### What to do
Set down the data again exactly. Pictures are not part of the copy.

Data section: Begin

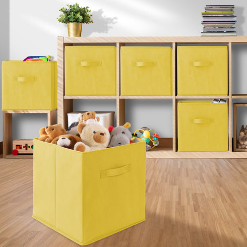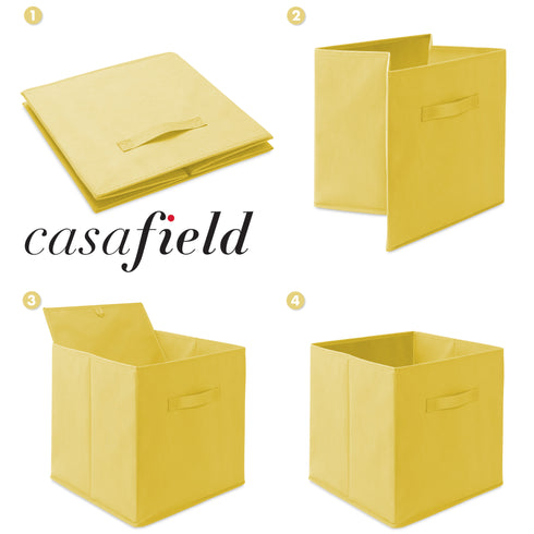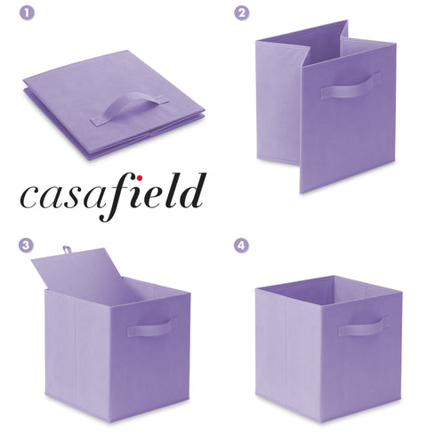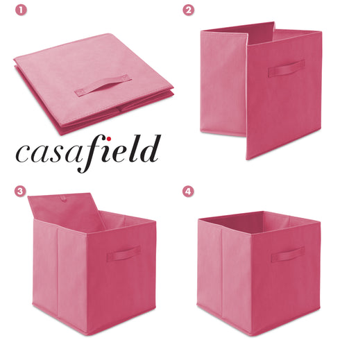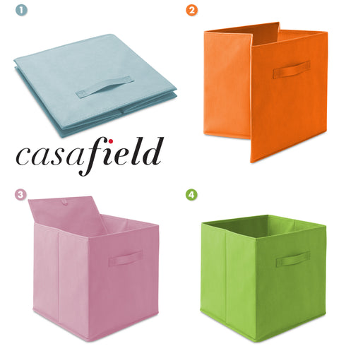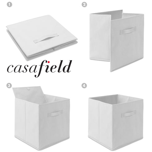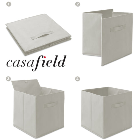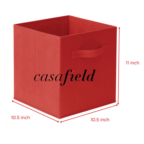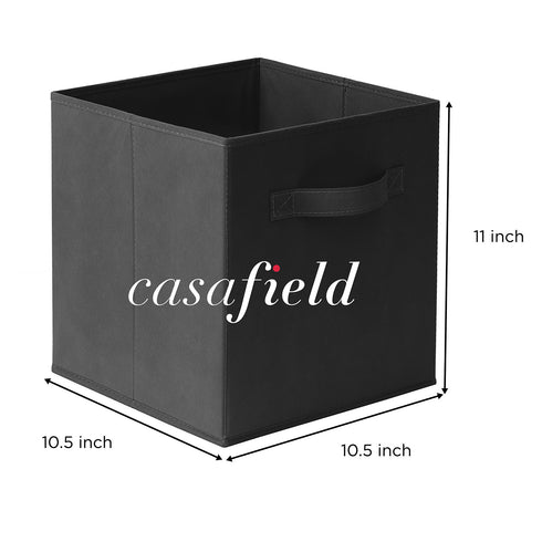 Instantly organize toys, books, magazines, photo albums, blankets, clothing, and more with these sturdy yet lightweight cube storage bins from Casafield. Constructed of heavy-duty, nonwoven polypropylene fabric material, and reinforced with extra cardboard support, these cloth basket organizers, with dual handles, look just like drawers. An ideal solution for instant storage in any space, these fabric cubes create a streamlined and sleek look in any room. Perfect for college dorms, kid's rooms, the office, garage, spare closet, and more. Casafield storage cubes are designed to fit most storage cube shelving units and cubby organizers.
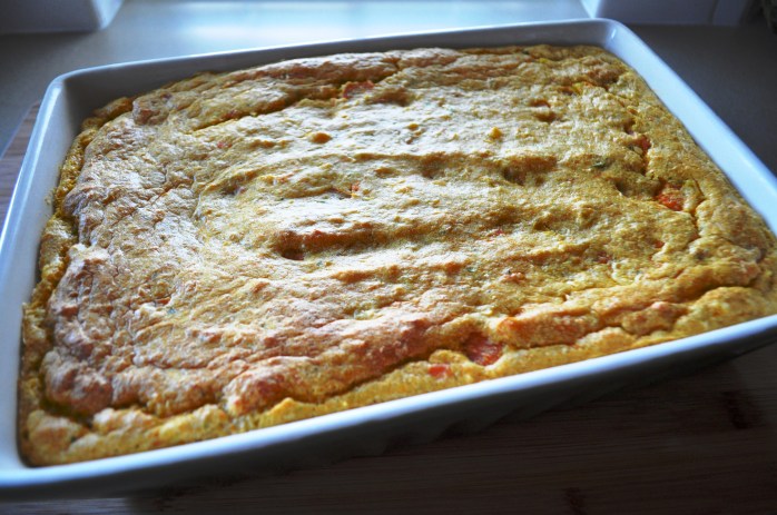 This was assembled about an hour and a half before I wanted to serve it. It needs to bake for about 45 minutes or so, depending on what else is sharing the oven. Then, allow to rest and set up for 10 minutes before cutting. You can find the recipe here.
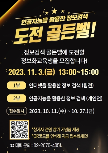 영등포구(구청장 최호권)가 “11월 3일, YPD 미래평생학습관에서 구민 정보화 역량 및 능력 제고를 위해 ‘도전! 정보검색 골든벨’ 대회 개최한다”고 밝혔다. 이번 대회는 전 세계적으로 챗 GPT 등 인공지능 열풍이 거센 가운데 구민들이 다양한 검색 서비스를 활용해 정보검색 능력을 마음껏 뽐낼 수 있는 자리로 마련됐다. 영등포구는 이번 대회를 통해 방대한 양의 정보 속에서 자신이 원하는 정보와 필요한 검색 경로가 무엇인지 정확하게 파악하고, 문제를 신속하게 해결할 수 있는 능력을 높인다는 계획이다. 올해 처음으로 열리는 ‘도전! 정보검색 골든벨’은 11월 3일, 오후 1시 대림동에 있는 평생학습관에서 진행되며 참여를 신청한 구민 50명이 참여한다. 대회는 1부 ‘인터넷을 활용한 정보검색’과 2부 ‘인공지능을 활용한 정보검색’으로 진행된다. 1부는 5명이 한 팀이 되어 준비된 노트북과 각자의 스마트폰으로 검색 포털과 인공지능 검색 서비스를 통해 문제를 검색하고, 정확한 답안을 가장 빨리 발표하면 된다. 팀은 랜덤으로 배정되며 10개 팀 중 상위 2개 팀이 2부에 진출한다. 2부는 1부에서 진출한 2개팀, 총 10명의 참가자가 최후의 1인을 가리는 개별전을 펼친다. 10명의 참가자들은 챗 GTP, YouChat 등 인공지능 검색 서비스를 활용해 문제를 풀고, 정답을 화이트보드에 적어내는 서바이벌 퀴즈 형식으로 진행된다. 1차에서 탈락한 참여자를 위한 이벤트와 레크리에이션도 마련되어 있다. 참여를 희망하는 구민은 27일까지 구 홈페이지 내 통합예약 메뉴에서 신청하면 된다. 지역, 연령 제한 없이 구민이라면 누구나 참여할 수 있다. 아울러 구는 올 한 해 진행한 ‘정보화 교육’에 참여한 수강생들의 작품을 공유하는 ‘정보화 교육 작품전시회’도 같은 날 YDP미래평생학습관 1층에서 개최한다. 구는 영상 편집본, 디자인 툴을 활용해 꾸민 사진 등을 태블릿, PC로 선보이며 수준 높은 ‘정보화 교육’의 면모를 보여줄 예정이다. 최호권 영등포구청장은 “앞으로도 대화 로봇(챗봇), 챗 GPT 등 급변하는 정보기술(IT) 시대에 소외되는 구민들이 없도록 시대 흐름에 맞춘 다양한 정보화 교육을 펼치겠다”라고 전했다.
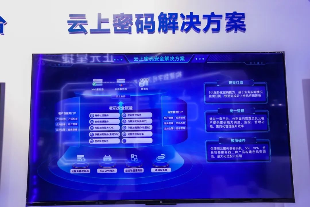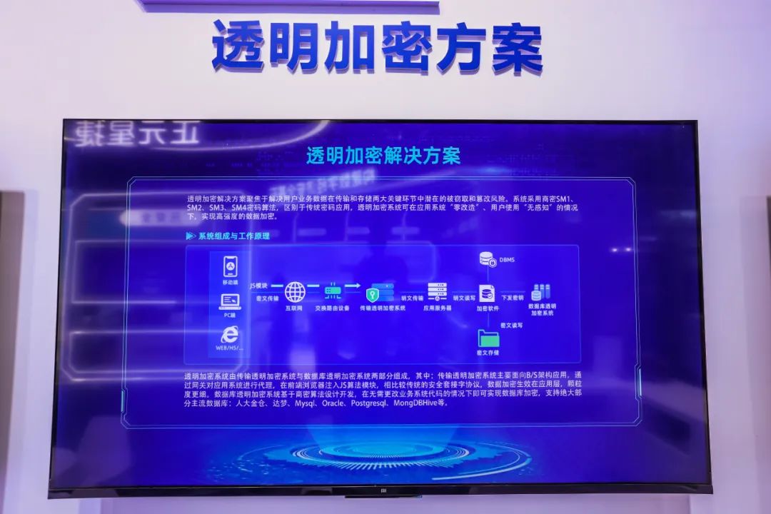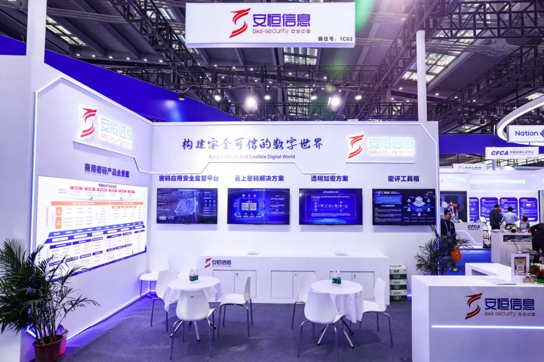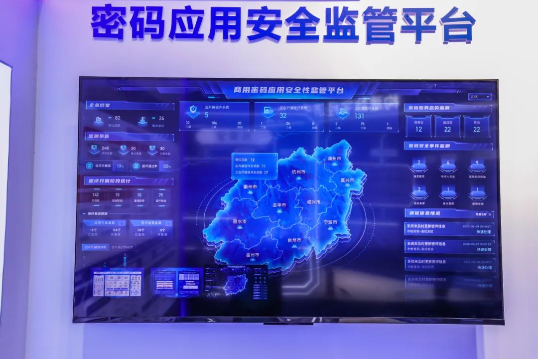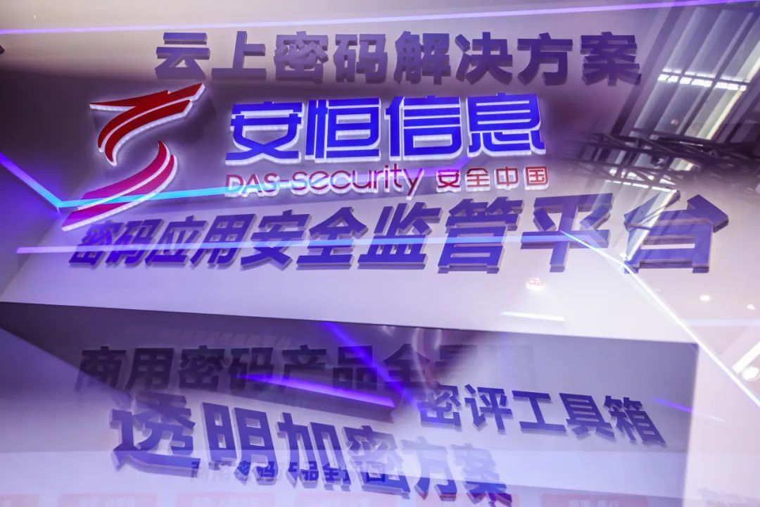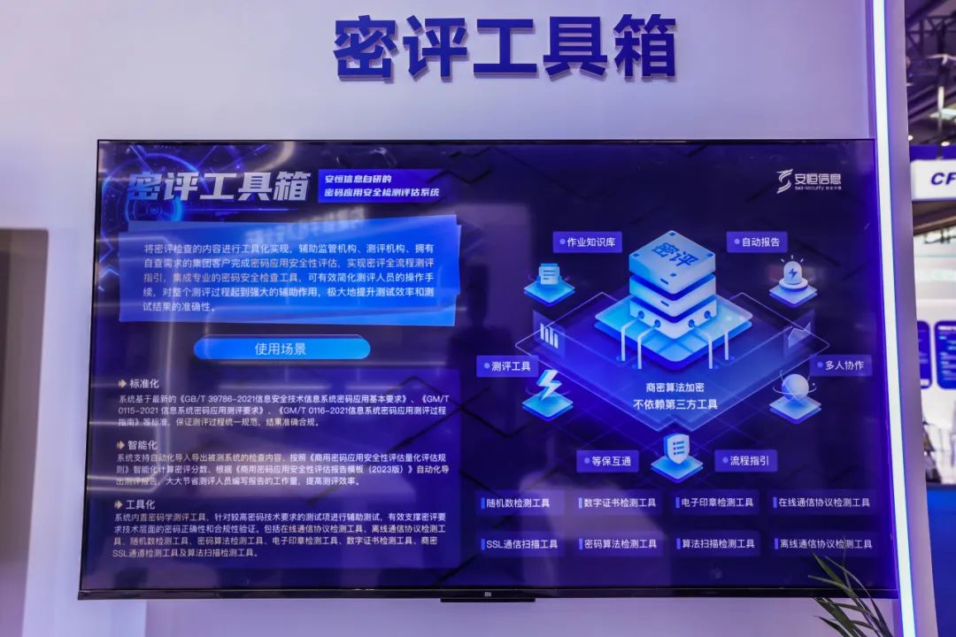 现场,安恒信息展示了密码应用安全监管平台、云上密码解决方案、透明加密方案、密评工具箱等商用密码产品与解决方案,集中展示了安恒信息在商用密码应用建设与监管的科技成果。

Data section: End

### Solved exercise
 Instantly organize toys, books, magazines, photo albums, blankets, clothing, and more with these sturdy yet lightweight cube storage bins from Casafield. Constructed of heavy-duty, nonwoven polypropylene fabric material, and reinforced with extra cardboard support, these cloth basket organizers, with dual handles, look just like drawers. An ideal solution for instant storage in any space, these fabric cubes create a streamlined and sleek look in any room. Perfect for college dorms, kid's rooms, the office, garage, spare closet, and more. Casafield storage cubes are designed to fit most storage cube shelving units and cubby organizers.
 This was assembled about an hour and a half before I wanted to serve it. It needs to bake for about 45 minutes or so, depending on what else is sharing the oven. Then, allow to rest and set up for 10 minutes before cutting. You can find the recipe here.
 영등포구(구청장 최호권)가 “11월 3일, YPD 미래평생학습관에서 구민 정보화 역량 및 능력 제고를 위해 ‘도전! 정보검색 골든벨’ 대회 개최한다”고 밝혔다. 이번 대회는 전 세계적으로 챗 GPT 등 인공지능 열풍이 거센 가운데 구민들이 다양한 검색 서비스를 활용해 정보검색 능력을 마음껏 뽐낼 수 있는 자리로 마련됐다. 영등포구는 이번 대회를 통해 방대한 양의 정보 속에서 자신이 원하는 정보와 필요한 검색 경로가 무엇인지 정확하게 파악하고, 문제를 신속하게 해결할 수 있는 능력을 높인다는 계획이다. 올해 처음으로 열리는 ‘도전! 정보검색 골든벨’은 11월 3일, 오후 1시 대림동에 있는 평생학습관에서 진행되며 참여를 신청한 구민 50명이 참여한다. 대회는 1부 ‘인터넷을 활용한 정보검색’과 2부 ‘인공지능을 활용한 정보검색’으로 진행된다. 1부는 5명이 한 팀이 되어 준비된 노트북과 각자의 스마트폰으로 검색 포털과 인공지능 검색 서비스를 통해 문제를 검색하고, 정확한 답안을 가장 빨리 발표하면 된다. 팀은 랜덤으로 배정되며 10개 팀 중 상위 2개 팀이 2부에 진출한다. 2부는 1부에서 진출한 2개팀, 총 10명의 참가자가 최후의 1인을 가리는 개별전을 펼친다. 10명의 참가자들은 챗 GTP, YouChat 등 인공지능 검색 서비스를 활용해 문제를 풀고, 정답을 화이트보드에 적어내는 서바이벌 퀴즈 형식으로 진행된다. 1차에서 탈락한 참여자를 위한 이벤트와 레크리에이션도 마련되어 있다. 참여를 희망하는 구민은 27일까지 구 홈페이지 내 통합예약 메뉴에서 신청하면 된다. 지역, 연령 제한 없이 구민이라면 누구나 참여할 수 있다. 아울러 구는 올 한 해 진행한 ‘정보화 교육’에 참여한 수강생들의 작품을 공유하는 ‘정보화 교육 작품전시회’도 같은 날 YDP미래평생학습관 1층에서 개최한다. 구는 영상 편집본, 디자인 툴을 활용해 꾸민 사진 등을 태블릿, PC로 선보이며 수준 높은 ‘정보화 교육’의 면모를 보여줄 예정이다. 최호권 영등포구청장은 “앞으로도 대화 로봇(챗봇), 챗 GPT 등 급변하는 정보기술(IT) 시대에 소외되는 구민들이 없도록 시대 흐름에 맞춘 다양한 정보화 교육을 펼치겠다”라고 전했다.
 现场,安恒信息展示了密码应用安全监管平台、云上密码解决方案、透明加密方案、密评工具箱等商用密码产品与解决方案,集中展示了安恒信息在商用密码应用建设与监管的科技成果。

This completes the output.